* _EXERCISE OBJECTIVE_:
Look below for the lines from the one with "BẢNG LỊCH TRÌNH" to the one with "We have packed", and copy exactly those lines, both ends included.

* _INFORMATION SHOWN_:
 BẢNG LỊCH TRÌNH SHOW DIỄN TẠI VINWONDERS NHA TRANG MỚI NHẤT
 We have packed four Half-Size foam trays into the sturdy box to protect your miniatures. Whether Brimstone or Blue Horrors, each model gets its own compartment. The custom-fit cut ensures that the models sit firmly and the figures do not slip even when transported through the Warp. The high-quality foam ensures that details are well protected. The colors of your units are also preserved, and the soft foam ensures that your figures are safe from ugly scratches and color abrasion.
--
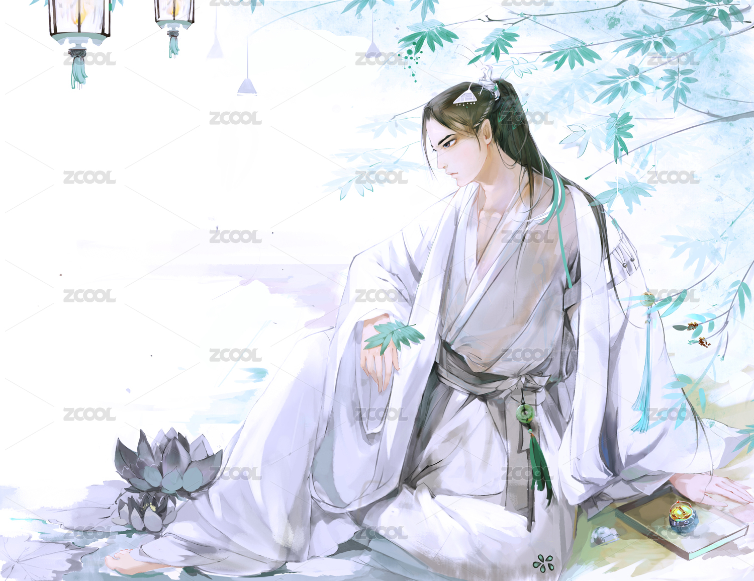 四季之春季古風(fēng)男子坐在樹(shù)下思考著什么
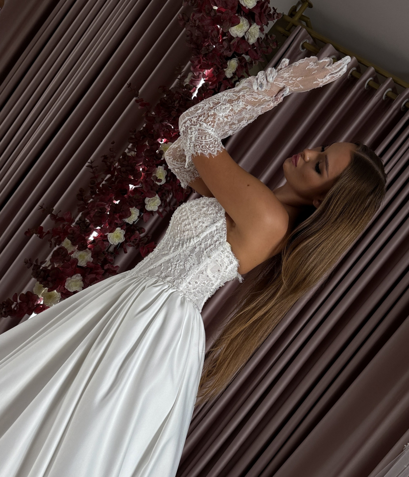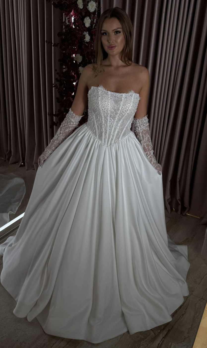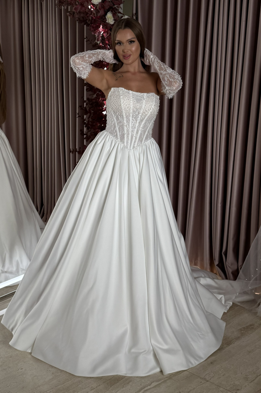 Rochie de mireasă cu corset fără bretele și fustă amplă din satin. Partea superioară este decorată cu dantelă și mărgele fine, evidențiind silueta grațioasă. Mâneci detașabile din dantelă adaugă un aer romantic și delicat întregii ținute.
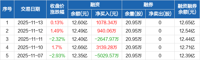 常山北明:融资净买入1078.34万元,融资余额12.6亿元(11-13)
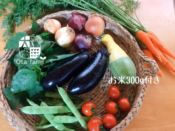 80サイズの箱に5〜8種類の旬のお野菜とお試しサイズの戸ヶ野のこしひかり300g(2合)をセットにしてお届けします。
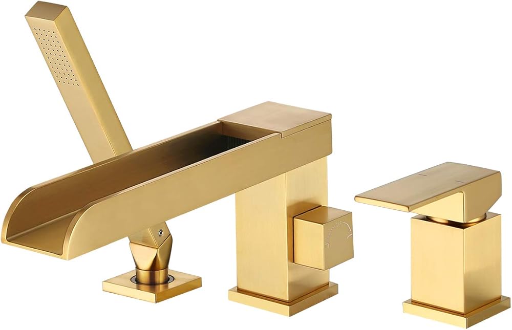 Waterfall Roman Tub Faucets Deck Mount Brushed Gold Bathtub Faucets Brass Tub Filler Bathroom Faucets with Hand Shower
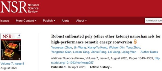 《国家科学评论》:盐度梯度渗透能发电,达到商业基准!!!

* _SOLVED EXERCISE_:
 BẢNG LỊCH TRÌNH SHOW DIỄN TẠI VINWONDERS NHA TRANG MỚI NHẤT
 We have packed four Half-Size foam trays into the sturdy box to protect your miniatures. Whether Brimstone or Blue Horrors, each model gets its own compartment. The custom-fit cut ensures that the models sit firmly and the figures do not slip even when transported through the Warp. The high-quality foam ensures that details are well protected. The colors of your units are also preserved, and the soft foam ensures that your figures are safe from ugly scratches and color abrasion.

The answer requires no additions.